Será que os tamanhos representavam as idades, ou quem desenhou só quis mostrar a altura de cada um?
Meus pensamentos foram interrompidos por um baque súbito que fez meu coração saltar no peito. Fixei o olhar em Ricardo, que tinha acabado de dar um pulo desnecessário, estremecendo a estrutura de madeira sob nossos pés. Ele continuava paralisado na posição de pouso, com os joelhos semi flexionados, enquanto a poeira que ele levantou flutuava lentamente ao nosso redor.
Com uma risadinha sem graça, ele murmurou:
— Foi mal.
— Tá, e o que a gente faz agora? — perguntou João, sentando-se direto no chão poeirento.

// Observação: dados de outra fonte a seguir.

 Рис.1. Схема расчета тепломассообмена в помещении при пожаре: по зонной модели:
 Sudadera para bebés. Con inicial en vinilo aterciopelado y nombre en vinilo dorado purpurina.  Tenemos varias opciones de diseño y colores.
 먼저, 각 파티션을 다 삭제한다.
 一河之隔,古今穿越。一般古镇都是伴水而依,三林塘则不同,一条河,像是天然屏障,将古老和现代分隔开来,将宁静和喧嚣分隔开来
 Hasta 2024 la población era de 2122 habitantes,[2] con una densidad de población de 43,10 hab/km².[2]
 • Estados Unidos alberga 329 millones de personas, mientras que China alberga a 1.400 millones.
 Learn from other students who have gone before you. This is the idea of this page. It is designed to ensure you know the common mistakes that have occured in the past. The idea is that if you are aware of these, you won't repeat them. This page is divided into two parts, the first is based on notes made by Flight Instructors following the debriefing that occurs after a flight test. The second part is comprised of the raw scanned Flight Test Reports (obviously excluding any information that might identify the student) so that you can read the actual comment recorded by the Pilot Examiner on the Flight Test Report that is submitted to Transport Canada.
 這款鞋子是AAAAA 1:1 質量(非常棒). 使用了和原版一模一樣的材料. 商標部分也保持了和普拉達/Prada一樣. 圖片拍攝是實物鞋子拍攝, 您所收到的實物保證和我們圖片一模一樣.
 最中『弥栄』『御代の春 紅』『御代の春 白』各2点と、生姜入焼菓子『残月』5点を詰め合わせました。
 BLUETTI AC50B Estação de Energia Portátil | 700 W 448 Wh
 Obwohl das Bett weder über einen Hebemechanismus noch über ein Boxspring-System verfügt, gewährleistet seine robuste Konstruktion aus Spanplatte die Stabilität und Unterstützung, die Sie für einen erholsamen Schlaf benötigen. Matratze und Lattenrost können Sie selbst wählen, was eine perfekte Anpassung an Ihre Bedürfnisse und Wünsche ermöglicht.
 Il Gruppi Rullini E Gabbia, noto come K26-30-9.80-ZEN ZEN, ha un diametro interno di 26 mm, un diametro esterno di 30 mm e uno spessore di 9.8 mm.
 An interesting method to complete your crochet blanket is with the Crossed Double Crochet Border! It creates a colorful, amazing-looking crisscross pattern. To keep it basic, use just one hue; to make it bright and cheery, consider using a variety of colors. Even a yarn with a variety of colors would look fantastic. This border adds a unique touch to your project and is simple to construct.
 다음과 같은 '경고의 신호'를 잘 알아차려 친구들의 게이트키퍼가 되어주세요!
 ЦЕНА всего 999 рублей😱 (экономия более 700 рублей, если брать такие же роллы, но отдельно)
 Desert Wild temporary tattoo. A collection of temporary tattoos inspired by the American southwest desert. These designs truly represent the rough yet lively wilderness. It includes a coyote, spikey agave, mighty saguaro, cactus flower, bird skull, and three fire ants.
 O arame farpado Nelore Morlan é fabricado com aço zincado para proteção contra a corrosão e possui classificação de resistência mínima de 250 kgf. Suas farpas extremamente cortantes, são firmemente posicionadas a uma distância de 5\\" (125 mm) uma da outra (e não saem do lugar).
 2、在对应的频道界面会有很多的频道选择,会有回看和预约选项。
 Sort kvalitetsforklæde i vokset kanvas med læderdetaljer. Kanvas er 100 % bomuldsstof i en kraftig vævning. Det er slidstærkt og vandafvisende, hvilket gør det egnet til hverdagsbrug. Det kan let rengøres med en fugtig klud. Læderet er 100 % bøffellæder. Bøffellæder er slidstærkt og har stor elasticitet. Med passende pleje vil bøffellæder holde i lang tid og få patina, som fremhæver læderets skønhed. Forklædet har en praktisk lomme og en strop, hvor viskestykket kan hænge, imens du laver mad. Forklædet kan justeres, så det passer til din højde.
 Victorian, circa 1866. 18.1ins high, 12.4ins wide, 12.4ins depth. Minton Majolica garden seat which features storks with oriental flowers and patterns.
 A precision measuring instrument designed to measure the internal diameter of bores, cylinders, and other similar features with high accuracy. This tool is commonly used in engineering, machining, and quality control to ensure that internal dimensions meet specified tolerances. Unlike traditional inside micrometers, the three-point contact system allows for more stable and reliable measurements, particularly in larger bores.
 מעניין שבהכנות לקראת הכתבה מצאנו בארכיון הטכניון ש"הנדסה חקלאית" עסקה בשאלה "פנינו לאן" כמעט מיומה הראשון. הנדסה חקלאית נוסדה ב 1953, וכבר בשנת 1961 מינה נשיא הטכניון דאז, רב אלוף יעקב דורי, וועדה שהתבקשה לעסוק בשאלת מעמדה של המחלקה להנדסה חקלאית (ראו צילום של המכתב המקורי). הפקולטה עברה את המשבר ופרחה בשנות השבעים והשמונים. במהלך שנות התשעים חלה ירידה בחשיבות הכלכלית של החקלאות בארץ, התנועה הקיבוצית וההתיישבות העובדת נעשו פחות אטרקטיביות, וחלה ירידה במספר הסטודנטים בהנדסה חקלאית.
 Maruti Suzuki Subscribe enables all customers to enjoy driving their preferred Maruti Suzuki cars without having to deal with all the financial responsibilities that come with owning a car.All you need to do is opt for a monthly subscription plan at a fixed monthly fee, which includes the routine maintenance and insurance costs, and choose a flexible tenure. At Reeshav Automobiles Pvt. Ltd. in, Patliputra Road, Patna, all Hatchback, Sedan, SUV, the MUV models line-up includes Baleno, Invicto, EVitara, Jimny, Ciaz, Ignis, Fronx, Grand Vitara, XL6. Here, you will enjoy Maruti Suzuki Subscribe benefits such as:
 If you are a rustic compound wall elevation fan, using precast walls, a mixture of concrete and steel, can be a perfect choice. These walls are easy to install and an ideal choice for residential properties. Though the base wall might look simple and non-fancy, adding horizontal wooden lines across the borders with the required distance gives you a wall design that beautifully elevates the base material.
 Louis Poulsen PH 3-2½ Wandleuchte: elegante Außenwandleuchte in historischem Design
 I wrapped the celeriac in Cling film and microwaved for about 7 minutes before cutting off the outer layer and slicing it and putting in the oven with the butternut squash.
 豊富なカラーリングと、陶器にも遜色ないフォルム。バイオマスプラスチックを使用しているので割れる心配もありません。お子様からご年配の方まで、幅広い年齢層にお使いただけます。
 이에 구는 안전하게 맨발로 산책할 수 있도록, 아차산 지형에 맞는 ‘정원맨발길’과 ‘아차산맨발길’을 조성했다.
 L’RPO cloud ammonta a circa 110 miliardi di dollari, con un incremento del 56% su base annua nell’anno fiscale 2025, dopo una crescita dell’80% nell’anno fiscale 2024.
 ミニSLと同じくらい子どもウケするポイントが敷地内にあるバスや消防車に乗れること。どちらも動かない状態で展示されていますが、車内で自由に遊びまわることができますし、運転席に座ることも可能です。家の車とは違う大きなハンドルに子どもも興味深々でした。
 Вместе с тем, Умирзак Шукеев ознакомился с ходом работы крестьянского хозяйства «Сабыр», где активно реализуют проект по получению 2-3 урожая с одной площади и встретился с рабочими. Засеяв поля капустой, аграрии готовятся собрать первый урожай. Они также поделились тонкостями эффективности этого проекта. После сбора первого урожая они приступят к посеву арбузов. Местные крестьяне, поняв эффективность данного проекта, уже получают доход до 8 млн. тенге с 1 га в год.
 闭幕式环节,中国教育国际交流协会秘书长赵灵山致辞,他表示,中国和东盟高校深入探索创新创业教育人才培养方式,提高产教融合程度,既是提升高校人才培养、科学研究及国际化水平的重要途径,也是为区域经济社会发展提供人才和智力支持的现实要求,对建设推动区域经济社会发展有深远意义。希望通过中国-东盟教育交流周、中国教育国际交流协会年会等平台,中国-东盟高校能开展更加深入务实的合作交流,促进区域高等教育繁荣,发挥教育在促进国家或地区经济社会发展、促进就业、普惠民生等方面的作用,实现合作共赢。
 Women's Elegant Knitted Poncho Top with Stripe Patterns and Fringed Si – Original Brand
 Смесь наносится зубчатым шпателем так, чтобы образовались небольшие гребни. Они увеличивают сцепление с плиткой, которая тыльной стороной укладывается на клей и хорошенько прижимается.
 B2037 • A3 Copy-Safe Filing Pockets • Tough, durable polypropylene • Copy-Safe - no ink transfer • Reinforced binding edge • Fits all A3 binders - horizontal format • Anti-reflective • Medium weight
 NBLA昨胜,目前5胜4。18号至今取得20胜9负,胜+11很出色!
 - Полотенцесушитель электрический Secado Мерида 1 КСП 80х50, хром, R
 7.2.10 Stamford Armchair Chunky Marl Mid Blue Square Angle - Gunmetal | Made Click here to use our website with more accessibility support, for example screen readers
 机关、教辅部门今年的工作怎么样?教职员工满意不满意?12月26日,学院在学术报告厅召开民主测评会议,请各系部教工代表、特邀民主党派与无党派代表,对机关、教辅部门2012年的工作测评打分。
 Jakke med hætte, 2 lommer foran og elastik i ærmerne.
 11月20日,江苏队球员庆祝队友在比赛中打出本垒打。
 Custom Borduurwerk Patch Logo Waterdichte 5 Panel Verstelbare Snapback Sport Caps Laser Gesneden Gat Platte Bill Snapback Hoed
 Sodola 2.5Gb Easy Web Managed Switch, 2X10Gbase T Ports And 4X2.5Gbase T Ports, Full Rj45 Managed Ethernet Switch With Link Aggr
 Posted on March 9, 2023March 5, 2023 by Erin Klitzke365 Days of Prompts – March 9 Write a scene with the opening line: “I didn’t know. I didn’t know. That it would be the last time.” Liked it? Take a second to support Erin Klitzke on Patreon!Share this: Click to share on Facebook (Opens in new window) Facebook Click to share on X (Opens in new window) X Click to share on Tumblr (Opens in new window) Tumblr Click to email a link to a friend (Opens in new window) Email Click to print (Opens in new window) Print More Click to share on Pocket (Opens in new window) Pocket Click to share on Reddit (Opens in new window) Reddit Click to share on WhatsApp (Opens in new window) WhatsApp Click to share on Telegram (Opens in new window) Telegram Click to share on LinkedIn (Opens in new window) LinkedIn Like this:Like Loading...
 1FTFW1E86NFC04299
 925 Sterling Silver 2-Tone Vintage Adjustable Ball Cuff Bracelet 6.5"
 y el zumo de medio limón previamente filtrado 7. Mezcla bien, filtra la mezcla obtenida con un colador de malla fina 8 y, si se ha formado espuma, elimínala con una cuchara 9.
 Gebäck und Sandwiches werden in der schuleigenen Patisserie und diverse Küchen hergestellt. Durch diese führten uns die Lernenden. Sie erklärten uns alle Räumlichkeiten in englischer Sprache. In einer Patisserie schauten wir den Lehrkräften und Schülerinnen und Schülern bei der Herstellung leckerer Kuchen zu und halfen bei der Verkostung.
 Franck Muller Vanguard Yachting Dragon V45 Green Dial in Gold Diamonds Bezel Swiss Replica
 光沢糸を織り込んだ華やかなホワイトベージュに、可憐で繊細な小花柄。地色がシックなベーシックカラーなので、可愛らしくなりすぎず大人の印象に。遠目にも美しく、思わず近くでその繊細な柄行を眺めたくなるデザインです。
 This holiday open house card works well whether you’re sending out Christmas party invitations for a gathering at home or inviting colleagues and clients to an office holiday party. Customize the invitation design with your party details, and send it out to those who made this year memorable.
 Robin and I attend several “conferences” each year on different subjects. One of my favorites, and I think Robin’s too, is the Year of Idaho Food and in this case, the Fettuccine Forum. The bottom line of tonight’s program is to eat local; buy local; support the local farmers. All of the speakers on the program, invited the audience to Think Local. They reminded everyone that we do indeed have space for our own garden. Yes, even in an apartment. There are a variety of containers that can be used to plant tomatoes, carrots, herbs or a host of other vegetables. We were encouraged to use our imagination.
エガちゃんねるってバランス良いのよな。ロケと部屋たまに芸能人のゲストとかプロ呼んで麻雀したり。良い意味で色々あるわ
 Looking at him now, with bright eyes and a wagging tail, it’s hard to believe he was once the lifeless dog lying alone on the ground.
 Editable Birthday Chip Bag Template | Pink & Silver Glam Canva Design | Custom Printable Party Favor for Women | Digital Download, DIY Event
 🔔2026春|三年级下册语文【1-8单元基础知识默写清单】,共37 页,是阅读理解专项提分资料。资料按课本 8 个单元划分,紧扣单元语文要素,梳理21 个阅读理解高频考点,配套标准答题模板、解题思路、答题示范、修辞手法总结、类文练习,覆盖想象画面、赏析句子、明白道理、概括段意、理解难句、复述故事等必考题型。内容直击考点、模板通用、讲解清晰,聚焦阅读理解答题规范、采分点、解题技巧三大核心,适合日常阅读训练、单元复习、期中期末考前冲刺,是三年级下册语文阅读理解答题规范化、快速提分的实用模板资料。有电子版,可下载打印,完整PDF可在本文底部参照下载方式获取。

— Vamos tentar entrar naquela casa — sugeriu Guilherme, apontando para a estrutura abandonada logo em frente e atraindo a atenção de todos.
— Ótima ideia! — Cristina concordou, apontando o indicador na direção dele.
— Se vamos vir aqui com frequência — comecei, arrastando o pé no chão para mostrar o quanto estava imundo —, precisamos dar uma limpada. Trazer uns panos velhos para cobrir o chão, sei lá.
Como se quisesse confirmar minhas palavras, Ricardo soltou um espirro alto assim que fechei a boca.
— Tem razão — ele conseguiu dizer, antes de espirrar de novo.
— É melhor sair daqui antes que a alergia do Ricardo piore — Guilherme falou, e eu balancei a cabeça, concordando. — Vamos dar uma olhada na casa principal.
Prontamente, uma pequena fila se formou em direção à saída. Como sempre, eu fiquei no final. Com os dedos entrelaçados, passei os olhos pelos detalhes que variam a idade daquela construção. O teto era bem baixo. Se algum dos meninos crescesse demais no futuro, provavelmente teria dificuldades para entrar ali.
Dei um passo automático para a frente, certa de que o espaço estava livre e eu seria a próxima a descer, mas dei de cara com um obstáculo. Minha atenção voltou-se para o que estava na minha frente de forma instantânea. No segundo em que entendi o que estava acontecendo, meus olhos se arregalaram de surpresa. Fiquei de boca entreaberta, sem saber o que dizer. Não era como esbarrar em um estranho qualquer na rua. Dei meio passo para trás, sentindo minhas bochechas queimarem.
— Primeiro as damas — Guilherme, que tinha parado bem na saída, deu um passo para o lado, me dando passagem.
— Valeu.
Posicionei-me para descer e passei a primeira perna pela abertura, mas parei quando ele segurou uma das minhas mãos. Ergui o olhar rapidamente, assustada com o toque repentino. Guilherme sorriu, mostrando os dentes de leve. Notei que o canto direito do seu sorriso era mais elevado que o esquerdo. Naquele instante, olhando bem no fundo daqueles olhos, tive a certeza absoluta de que ele se lembrava de tudo.
— Você é muito distraída, Cenourinha.